* _WORK INSTRUCTION_:
Up to and including the line with "这款诗词汇app是一个帮助大", please set down the entries below exactly, starting from the first line.
********
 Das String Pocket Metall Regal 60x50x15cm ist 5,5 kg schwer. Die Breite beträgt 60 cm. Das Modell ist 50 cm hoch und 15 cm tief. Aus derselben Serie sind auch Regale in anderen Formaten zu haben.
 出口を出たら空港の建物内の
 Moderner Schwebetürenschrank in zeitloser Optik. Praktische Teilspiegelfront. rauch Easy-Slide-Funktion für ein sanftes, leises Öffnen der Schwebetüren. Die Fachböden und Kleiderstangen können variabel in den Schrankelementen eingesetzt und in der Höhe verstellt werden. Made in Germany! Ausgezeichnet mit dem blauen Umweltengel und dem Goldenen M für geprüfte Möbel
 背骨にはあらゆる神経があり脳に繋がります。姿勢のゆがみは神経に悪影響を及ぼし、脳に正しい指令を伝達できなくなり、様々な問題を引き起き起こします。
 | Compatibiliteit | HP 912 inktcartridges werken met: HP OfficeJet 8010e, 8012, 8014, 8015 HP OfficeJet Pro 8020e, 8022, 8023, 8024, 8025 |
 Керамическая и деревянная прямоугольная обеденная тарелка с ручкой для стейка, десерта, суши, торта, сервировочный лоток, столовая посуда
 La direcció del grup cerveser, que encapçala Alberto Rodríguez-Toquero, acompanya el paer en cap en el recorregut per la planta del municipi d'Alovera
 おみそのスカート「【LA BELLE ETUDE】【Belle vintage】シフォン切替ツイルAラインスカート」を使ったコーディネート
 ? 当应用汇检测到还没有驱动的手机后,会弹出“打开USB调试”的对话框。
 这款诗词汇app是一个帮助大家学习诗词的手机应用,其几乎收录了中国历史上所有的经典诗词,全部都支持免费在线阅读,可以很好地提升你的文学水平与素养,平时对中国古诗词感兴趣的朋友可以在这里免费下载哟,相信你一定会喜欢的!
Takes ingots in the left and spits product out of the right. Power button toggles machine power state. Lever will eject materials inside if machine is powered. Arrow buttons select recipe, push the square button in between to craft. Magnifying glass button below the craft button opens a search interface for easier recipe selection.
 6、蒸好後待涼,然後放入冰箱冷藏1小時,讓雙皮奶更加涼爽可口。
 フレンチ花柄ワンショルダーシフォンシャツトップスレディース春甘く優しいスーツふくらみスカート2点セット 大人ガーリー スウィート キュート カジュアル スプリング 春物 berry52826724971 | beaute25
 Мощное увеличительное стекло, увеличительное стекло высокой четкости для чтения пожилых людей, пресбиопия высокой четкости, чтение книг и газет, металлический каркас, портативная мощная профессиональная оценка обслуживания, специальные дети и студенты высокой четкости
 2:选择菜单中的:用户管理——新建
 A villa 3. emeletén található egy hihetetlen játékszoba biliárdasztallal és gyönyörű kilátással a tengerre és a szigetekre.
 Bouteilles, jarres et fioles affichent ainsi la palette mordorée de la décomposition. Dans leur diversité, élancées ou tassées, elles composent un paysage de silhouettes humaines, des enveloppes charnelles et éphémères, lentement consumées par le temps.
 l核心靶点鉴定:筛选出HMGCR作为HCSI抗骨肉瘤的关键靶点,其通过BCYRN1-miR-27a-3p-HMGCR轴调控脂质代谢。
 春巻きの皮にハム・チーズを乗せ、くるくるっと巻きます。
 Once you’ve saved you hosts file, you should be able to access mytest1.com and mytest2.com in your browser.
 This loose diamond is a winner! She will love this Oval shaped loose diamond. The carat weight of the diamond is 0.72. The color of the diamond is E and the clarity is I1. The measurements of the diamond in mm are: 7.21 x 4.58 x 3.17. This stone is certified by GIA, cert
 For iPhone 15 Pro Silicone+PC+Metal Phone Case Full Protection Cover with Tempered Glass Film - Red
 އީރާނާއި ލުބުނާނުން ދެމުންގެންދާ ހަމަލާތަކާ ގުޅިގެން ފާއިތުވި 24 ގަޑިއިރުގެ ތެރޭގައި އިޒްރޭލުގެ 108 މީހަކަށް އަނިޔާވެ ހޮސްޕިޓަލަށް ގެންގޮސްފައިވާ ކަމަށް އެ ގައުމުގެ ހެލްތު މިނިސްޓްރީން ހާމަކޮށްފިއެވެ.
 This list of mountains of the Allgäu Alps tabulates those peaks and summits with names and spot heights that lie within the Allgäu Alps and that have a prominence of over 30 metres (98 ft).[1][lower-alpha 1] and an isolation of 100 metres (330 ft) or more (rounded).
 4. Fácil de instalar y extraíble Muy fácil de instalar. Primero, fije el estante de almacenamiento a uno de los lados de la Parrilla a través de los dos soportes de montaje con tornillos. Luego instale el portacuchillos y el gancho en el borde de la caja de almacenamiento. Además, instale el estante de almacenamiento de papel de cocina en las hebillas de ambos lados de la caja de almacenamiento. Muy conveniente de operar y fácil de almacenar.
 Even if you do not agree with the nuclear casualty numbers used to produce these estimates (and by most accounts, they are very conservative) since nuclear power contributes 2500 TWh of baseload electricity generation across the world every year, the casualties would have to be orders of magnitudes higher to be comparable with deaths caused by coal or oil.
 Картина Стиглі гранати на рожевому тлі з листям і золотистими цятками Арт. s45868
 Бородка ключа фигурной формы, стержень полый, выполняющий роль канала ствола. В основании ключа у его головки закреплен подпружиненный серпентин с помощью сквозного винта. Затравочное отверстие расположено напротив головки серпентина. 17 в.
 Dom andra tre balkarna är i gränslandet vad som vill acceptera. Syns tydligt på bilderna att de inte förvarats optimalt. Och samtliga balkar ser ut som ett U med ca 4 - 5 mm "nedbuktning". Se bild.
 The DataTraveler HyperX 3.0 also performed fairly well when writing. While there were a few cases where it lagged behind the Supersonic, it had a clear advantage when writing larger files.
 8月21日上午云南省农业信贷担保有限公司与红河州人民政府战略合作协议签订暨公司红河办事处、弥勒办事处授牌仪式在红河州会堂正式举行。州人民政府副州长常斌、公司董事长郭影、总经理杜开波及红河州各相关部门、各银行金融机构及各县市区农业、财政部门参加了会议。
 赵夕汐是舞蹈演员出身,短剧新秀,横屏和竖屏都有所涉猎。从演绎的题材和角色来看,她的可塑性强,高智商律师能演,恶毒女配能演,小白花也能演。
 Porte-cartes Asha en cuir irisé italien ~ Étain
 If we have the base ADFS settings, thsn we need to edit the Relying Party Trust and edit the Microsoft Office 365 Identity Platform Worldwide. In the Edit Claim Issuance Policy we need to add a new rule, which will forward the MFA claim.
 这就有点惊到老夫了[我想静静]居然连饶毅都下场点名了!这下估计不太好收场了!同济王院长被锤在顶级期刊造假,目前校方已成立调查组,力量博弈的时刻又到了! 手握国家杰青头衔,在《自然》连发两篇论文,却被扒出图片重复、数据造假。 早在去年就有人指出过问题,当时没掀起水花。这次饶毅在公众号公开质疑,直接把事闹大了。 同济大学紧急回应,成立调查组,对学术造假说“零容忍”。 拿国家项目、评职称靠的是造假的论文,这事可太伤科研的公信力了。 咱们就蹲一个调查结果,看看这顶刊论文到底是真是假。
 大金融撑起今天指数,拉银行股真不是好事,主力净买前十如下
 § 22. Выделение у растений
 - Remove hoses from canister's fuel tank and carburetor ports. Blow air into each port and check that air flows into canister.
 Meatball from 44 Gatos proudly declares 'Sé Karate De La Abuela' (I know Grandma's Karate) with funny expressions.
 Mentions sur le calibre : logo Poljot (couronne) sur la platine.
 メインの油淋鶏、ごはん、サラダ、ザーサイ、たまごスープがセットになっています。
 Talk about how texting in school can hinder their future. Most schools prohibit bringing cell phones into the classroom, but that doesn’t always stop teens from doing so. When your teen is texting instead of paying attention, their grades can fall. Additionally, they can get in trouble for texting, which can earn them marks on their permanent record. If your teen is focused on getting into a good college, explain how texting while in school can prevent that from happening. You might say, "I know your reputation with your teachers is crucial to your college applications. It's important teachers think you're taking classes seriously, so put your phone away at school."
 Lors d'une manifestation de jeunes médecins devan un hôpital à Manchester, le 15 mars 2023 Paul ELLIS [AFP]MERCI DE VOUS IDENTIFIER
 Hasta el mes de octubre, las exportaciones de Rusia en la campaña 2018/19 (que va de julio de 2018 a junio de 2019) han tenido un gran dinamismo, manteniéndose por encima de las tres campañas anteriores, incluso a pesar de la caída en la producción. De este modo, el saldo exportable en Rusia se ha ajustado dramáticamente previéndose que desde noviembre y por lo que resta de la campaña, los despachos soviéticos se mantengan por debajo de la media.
********
* _ANSWER TO THE PROBLEM_:
 Das String Pocket Metall Regal 60x50x15cm ist 5,5 kg schwer. Die Breite beträgt 60 cm. Das Modell ist 50 cm hoch und 15 cm tief. Aus derselben Serie sind auch Regale in anderen Formaten zu haben.
 出口を出たら空港の建物内の
 Moderner Schwebetürenschrank in zeitloser Optik. Praktische Teilspiegelfront. rauch Easy-Slide-Funktion für ein sanftes, leises Öffnen der Schwebetüren. Die Fachböden und Kleiderstangen können variabel in den Schrankelementen eingesetzt und in der Höhe verstellt werden. Made in Germany! Ausgezeichnet mit dem blauen Umweltengel und dem Goldenen M für geprüfte Möbel
 背骨にはあらゆる神経があり脳に繋がります。姿勢のゆがみは神経に悪影響を及ぼし、脳に正しい指令を伝達できなくなり、様々な問題を引き起き起こします。
 | Compatibiliteit | HP 912 inktcartridges werken met: HP OfficeJet 8010e, 8012, 8014, 8015 HP OfficeJet Pro 8020e, 8022, 8023, 8024, 8025 |
 Керамическая и деревянная прямоугольная обеденная тарелка с ручкой для стейка, десерта, суши, торта, сервировочный лоток, столовая посуда
 La direcció del grup cerveser, que encapçala Alberto Rodríguez-Toquero, acompanya el paer en cap en el recorregut per la planta del municipi d'Alovera
 おみそのスカート「【LA BELLE ETUDE】【Belle vintage】シフォン切替ツイルAラインスカート」を使ったコーディネート
 ? 当应用汇检测到还没有驱动的手机后,会弹出“打开USB调试”的对话框。
 这款诗词汇app是一个帮助大家学习诗词的手机应用,其几乎收录了中国历史上所有的经典诗词,全部都支持免费在线阅读,可以很好地提升你的文学水平与素养,平时对中国古诗词感兴趣的朋友可以在这里免费下载哟,相信你一定会喜欢的!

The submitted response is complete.